En mi buzón, al igual que exhibiéndose en el exterior de los coches alineados a ambos lados de la calle, bajo el limpia parabrisas, veo pequeñas y rectangulares hojillas impresas, no más grandes que el hueco de mi mano, que no es grande. Se sirven de una letra diminuta, bien tintada, apretada para contar mucho en un espacio que es mínimo. Todo, para referirnos las excepcionales virtudes mágicas que adornan a un "gran maestro espiritualista africano", que cura males, de amores, de los más enconados, familiares, empresariales; recupera dinero perdido, lo hace ganar en un periquete y resuelve, como el que no quiere la cosa, un sin fin de desdichas en una lista casi interminable.

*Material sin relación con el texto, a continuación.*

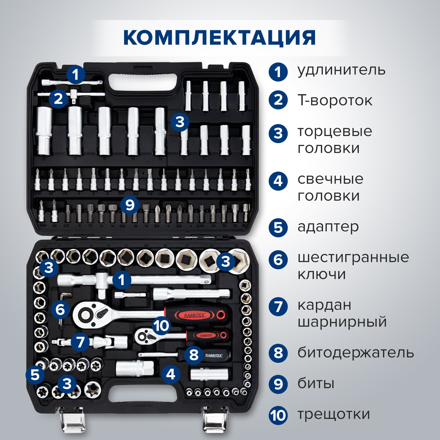 Инструменты RABBITEX изготовлены из высококачественной углеродистой стали и подходят для работы с различными видами крепежа. В набор входят ключевые приспособления для ремонта автомобилей, колесной и бытовой техники, а также мебели. Две реверсивные трещотки с разными посадочными квадратами, удлинители, адаптеры и шарниры обеспечивают доступ к креплениям и узлам даже в труднодоступных местах.
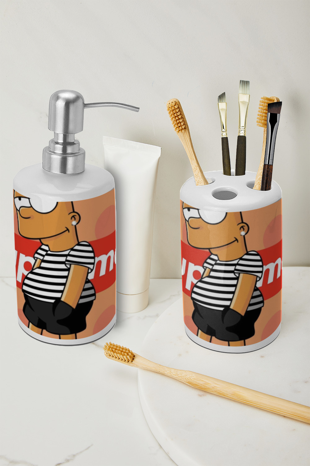 This two piece, ceramic bathroom set will add the perfect splash of color to any bathroom. This set includes one pump dispenser, ideal for soap or lotion, and one toothbrush holder with four holes. Although originally designed for toothbrushes, the holder will also hold make-up brushes, nail files, and other bathroom tools.
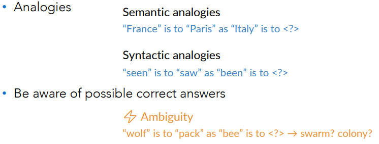 - Intrinsic evaluation = “How well do these embeddings capture meaning on their own?”
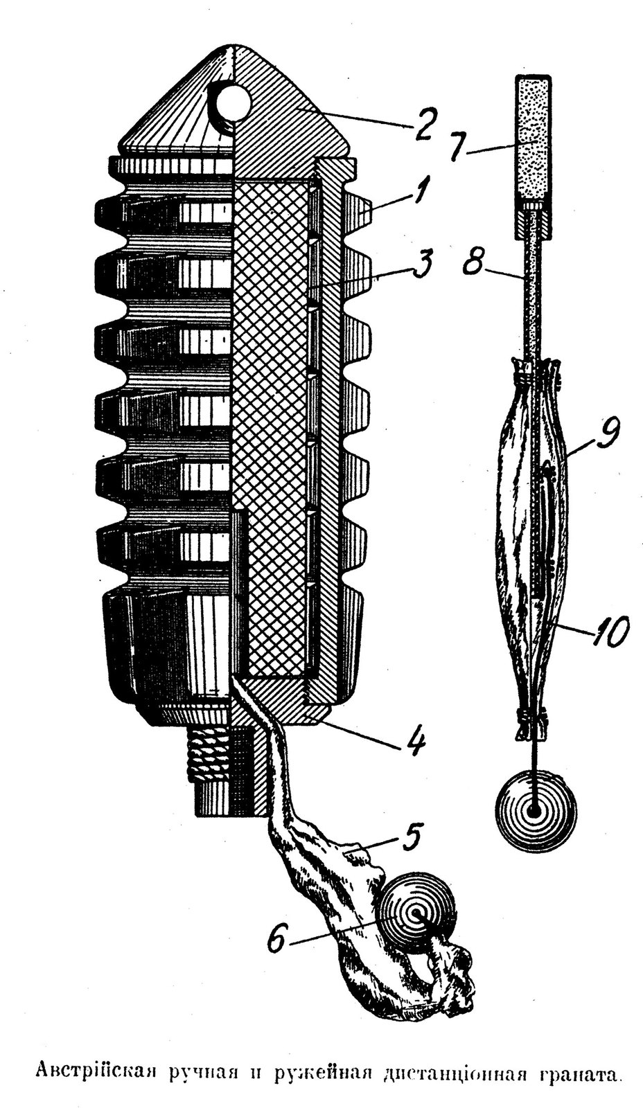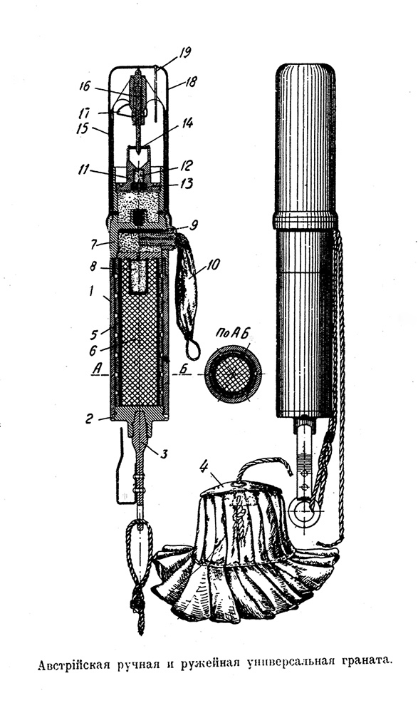 Креслення «гвинтівочної гранати з тимчасовим запалом зразка 1916 року» (Mantoan N. Bombe a mano austriache 1914–1918. — Udine: Paolo Gaspari editore, 2001. — P. 86.)
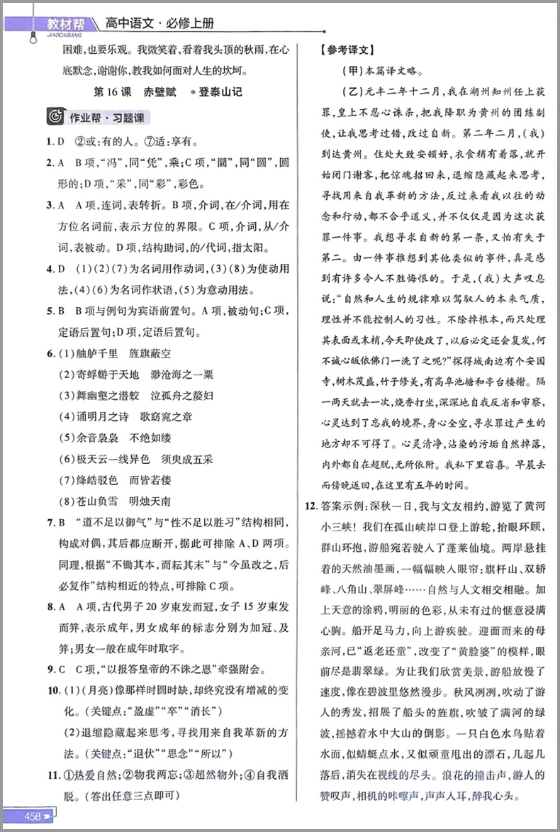 2024版 教材帮高中语文必修上册 人教版 天星教育
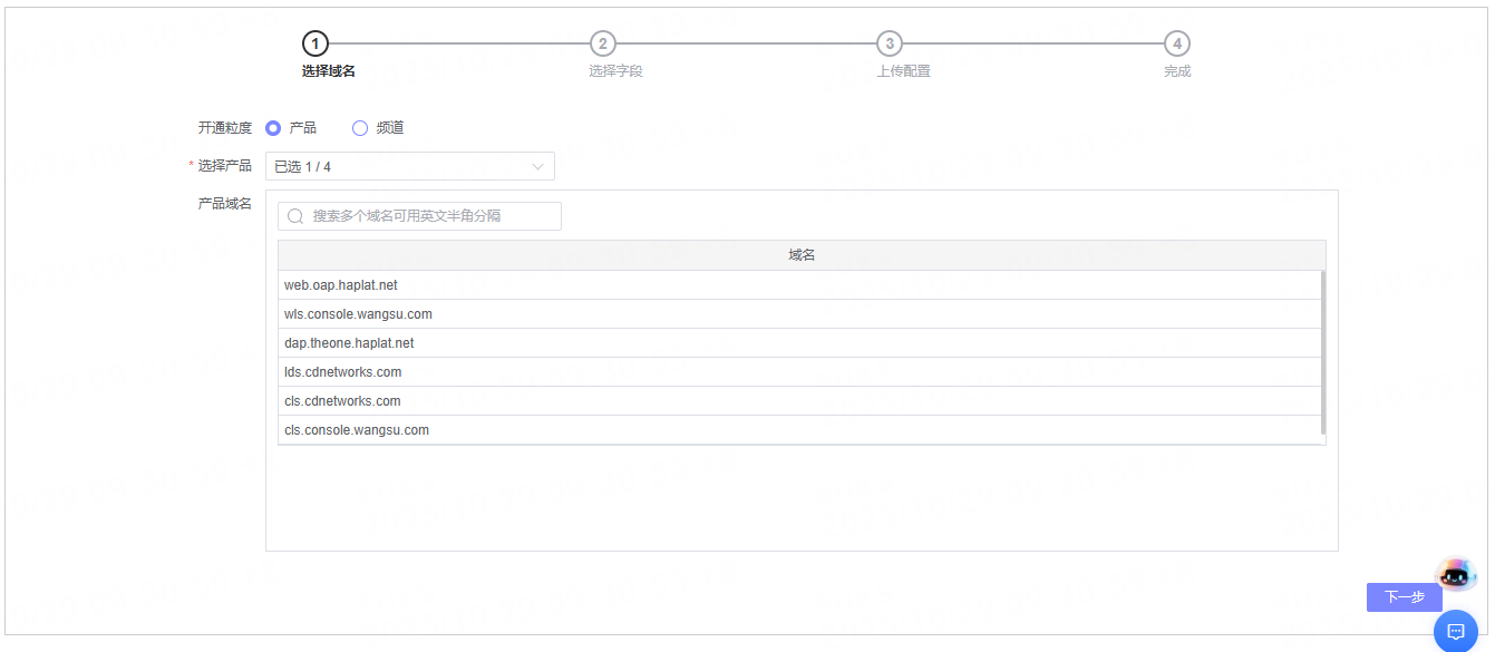 | 开通粒度 | 支持按产品或频道选择所需域名。 选择产品后,默认开通所选产品下的全部域名。 按频道开通时,需指定频道,并可通过选择产品筛选频道。 |
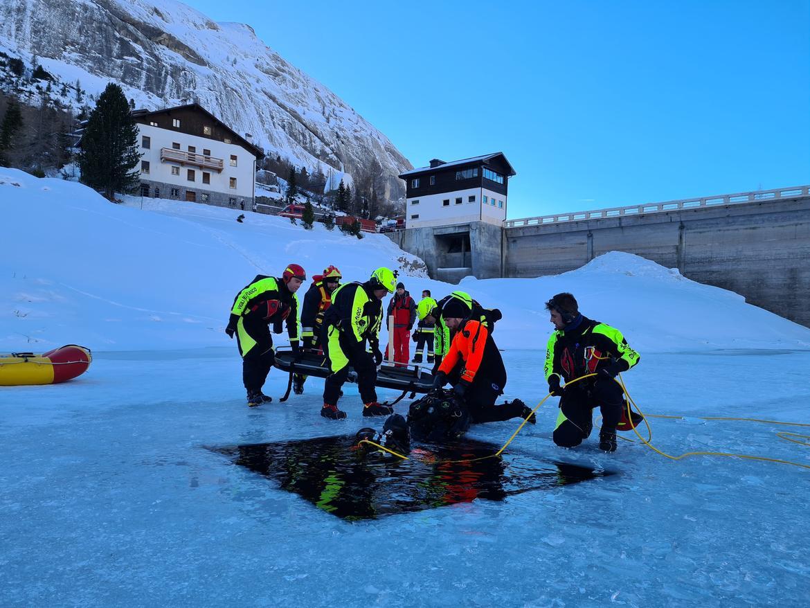 Siamo al lago di Fedaia, 2.050 metri di quota in Val di Fassa, ai piedi della Marmolada. Qui, con una simulazione di intervento, tre sommozzatori si sono preparati ad entrare nel Nucleo specialistico del Corpo permanente dei Vigili del fuoco di Trento.
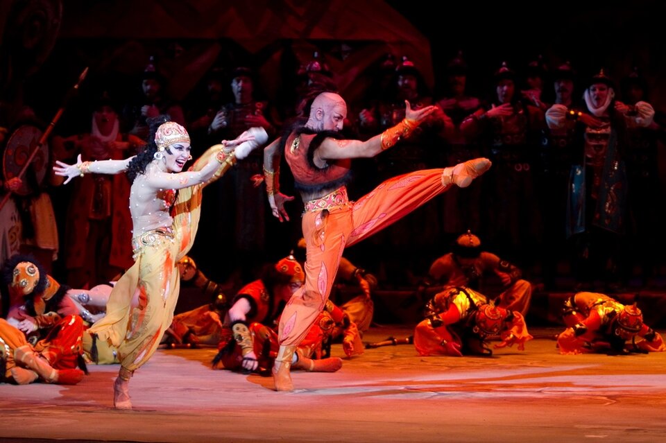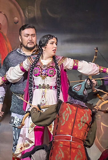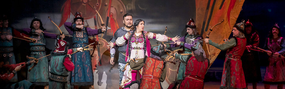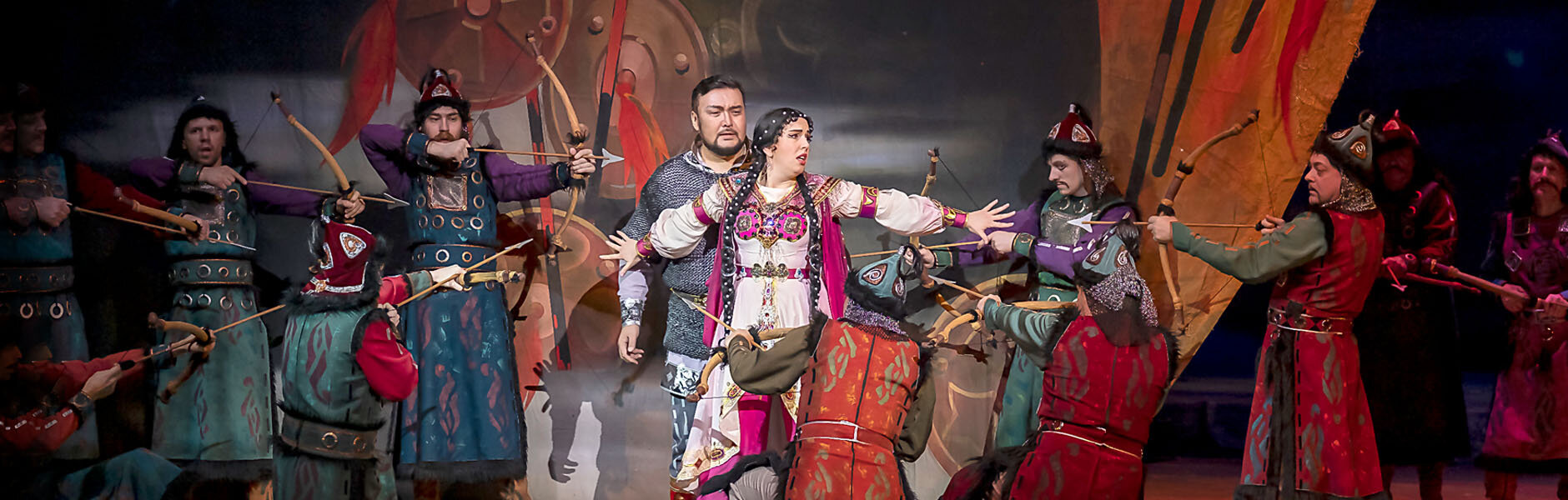 «Князь Игорь» — музыкальное воплощение исторических событий, описанных в древнерусском литературном памятнике «Слово о полку Игореве». Это опера о неукротимой жажде жизни и любви, безудержной удали и долге, наполненная потрясающими хитовыми ариями, масштабными хоровыми сценами и удивительными по своей красоте балетными номерами. Все это в ярких красках раскрывает перед публикой одну из главных страниц нашей истории. У оперы непростая судьба. Бородин создавал ее почти 20 лет. Чтобы проникнуться духом старины, он побывал в окрестностях Путивля, подробно изучал исторические источники, представленные летописями, старинными повестями и исследованиями о половцах. В монастырях и хранилищах маэстро с головой погружался в загадочный мир старинных манускриптов, хранящих напевы древних былин. Однако Бородин так и не успел закончить эту оперу. Уже после его смерти композитор Александр Глазунов завершил работу своего учителя. Впервые «Князь Игорь» был поставлен на сцене Мариинского театра в 1890 году и, сразу же завоевав любовь публики, начал покорять сцены театров не только России, но и всего мира. На нашей сцене опера впервые была показана задолго до официального открытия театра, а именно 12 августа 1978 года, в день 350-летнего юбилея Красноярска, тем, кто не один год строил здание Красноярского оперного. Красноярская постановка «Князь Игорь» — масштабный яркий спектакль, в котором задействовано огромное количество артистов: солисты оперы, хор и балетная труппа. Декорации и костюмы отличаются необычайной яркостью и богатством оформления. Боярские шубы и шапки из бархата, украшенные мехом, воинские доспехи… В общей сложности для этой оперы было изготовлено более 400 костюмов. Опера наполнена яркими разнообразными хоровыми сценами и балетными номерами, среди которых, пожалуй, самые известные — «Половецкие пляски» и песня половецких пленниц «Улетай на крыльях ветра» в исполнении хора. В состав исполнителей могут быть внесены изменения без дополнительного уведомления.
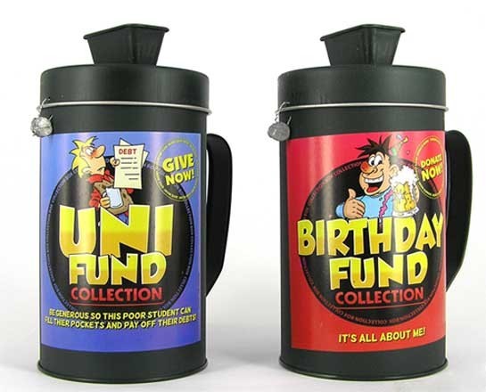 Хотите знать как выглядели первые копилки? Именно так: металлические кружки для сбора пожертвований с прорезями для монет на замочке. Добавляем прикольные надписи с картинками ,и получаем оригинальный сувенир от голландской фирмы Miko. Теперь станет гораздо проще собрать денежки на новый джип или домик в деревне :) Размеры товара,см:19х10х10

Su don fantástico es tan formidable, que los sueños de cualquiera, incluso los de alcanzar la fama como actriz, cantante, futbolista o as de otro deporte, lo convierte en realidad en un plazo no mayor de siete días. Una pizca de inglés chapurrea y atiende, con ubicuidad, en varias poblaciones de la cercana costa. De ésta, desde su ya algo ajado florecimiento, como vecinos que somos, no han dejado durante años de llegarnos ofrecimientos de establecimientos de todo tipo, de grandes superficies, cuando aquí no las había, de gigantescas exposiciones de muebles, de tiendas de lujo y demás. Ahora, con el mal momento económico, nos invaden, porque no es este sólo, con idéntico origen, santones, maestros o médiums, exóticos sustitutos, al fin y al cabo, de nuestras sabias y curanderos de toda la vida, que, bajo diferentes nombres e idiomas, el mundo poco cambia.